From the previous theorem, we have already proved that
\[ \triangle ABC \cong \triangle CDA \]By CPCT (Corresponding Parts of Congruent Triangles), we get:
\[ AD = BC \quad \text{and} \quad AB = DC \]Hence, in a parallelogram, the opposite sides are equal.
Theorem-3
Theorem 8.3: If each pair of opposite sides of a quadrilateral is equal, then it is a parallelogram.
Proof:
Let the sides of quadrilateral ABCD be AB, BC, CD, and DA, such that:
\[ AB = CD \quad \text{and} \quad BC = AD \]Consider triangles \( \triangle ABC \) and \( \triangle CDA \).
We have:
\[ \begin{aligned} AB &= CD &(\text{Given}) \\ BC &= AD &(\text{Given}) \\ AC &= AC &(\text{Common side}) \end{aligned} \]\[\therefore \, \triangle ABC \cong \triangle CDA \\(\text{By SSS congruence rule})\]

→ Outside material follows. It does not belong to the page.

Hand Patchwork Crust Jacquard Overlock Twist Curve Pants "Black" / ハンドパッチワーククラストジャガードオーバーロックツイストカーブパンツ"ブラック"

By CPCT (Corresponding Parts of Congruent Triangles):
\[ \begin{aligned} \angle DCA &= \angle CAB, \\ \angle DAC &= \angle BCA. \end{aligned} \]Now, in quadrilateral ABCD:
\[ \angle BCD = \angle DCA + \angle BCA \] \[ \angle DAB = \angle CAB + \angle DAC \]Since the corresponding component angles are equal, \[ \angle BCD = \angle DAB. \] Similarly, \[ \angle ABC = \angle ADC. \]

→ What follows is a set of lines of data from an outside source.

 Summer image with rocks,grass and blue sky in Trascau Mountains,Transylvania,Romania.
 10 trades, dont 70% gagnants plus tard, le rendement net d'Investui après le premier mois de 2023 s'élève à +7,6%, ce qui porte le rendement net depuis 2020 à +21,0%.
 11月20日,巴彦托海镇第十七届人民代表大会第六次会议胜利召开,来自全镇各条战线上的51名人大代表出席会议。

Therefore, in quadrilateral ABCD, both pairs of opposite angles are equal.
Hence, quadrilateral \(ABCD\) is a parallelogram, since its opposite sides and opposite angles are equal.
Theorem-4
Theorem 8.4: In a parallelogram, opposite angles are equal.
\(\textbf{Proof:}\) Let ABCD be a parallelogram. Draw diagonal AC. Since \(AB \parallel CD\) and AC is a transversal, \[\small \angle BAC = \angle DCA \text{ (Alternate interior angles)} \] Also, \(AD \parallel BC\) and AC is a transversal, \[\small \angle DAC = \angle BCA \text{ (Alternate interior angles)} \]In \(\triangle ABC\) and \(\triangle CDA\)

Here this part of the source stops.